# Floroiu name pronunciation



## AniwaR

Hello! Could you, please, describe how to pronounce the name _Floroiu_? I need to transliterate it to Armenian.


----------



## irinet

Hi, 
It's more like what you see is exactly what you pronounce [flo'roiu] .


----------



## AniwaR

I was confused about the 'oiu' part. First I was reading it like flo-ro-eeh-uh (which was very uncomfortable to pronounce), then figured out it may be flo-ro-you (just like the English pronoun 'you').


----------



## alicip

AniwaR said:


> I was confused about the 'oiu' part. First I was reading it like flo-ro-eeh-uh (which was very uncomfortable to pronounce), then figured out it may be flo-ro-you *(just like the English pronoun 'you')*.



You got it.

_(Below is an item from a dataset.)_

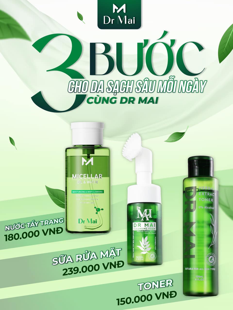Bộ sản phẩm Dr Mai gồm: Tẩy trang Dr Mai - Nước cân bằng da Toner Dr Mai - Thải độc tảo than Detox Dr Mai

Maybe this could give you further help.


----------



## jimmyy

The IPA transliteration is /flo'ro.ju/

IPA can be found here: http://en.wikipedia.org/wiki/International_Phonetic_Alphabet

Without referring to IPA you are right in saying that the "-iu" ending sounds like the English "you"

All the best


----------



## AniwaR

Thank you all very much for your eager help! ^_^ Now I got it right in Armenian.


----------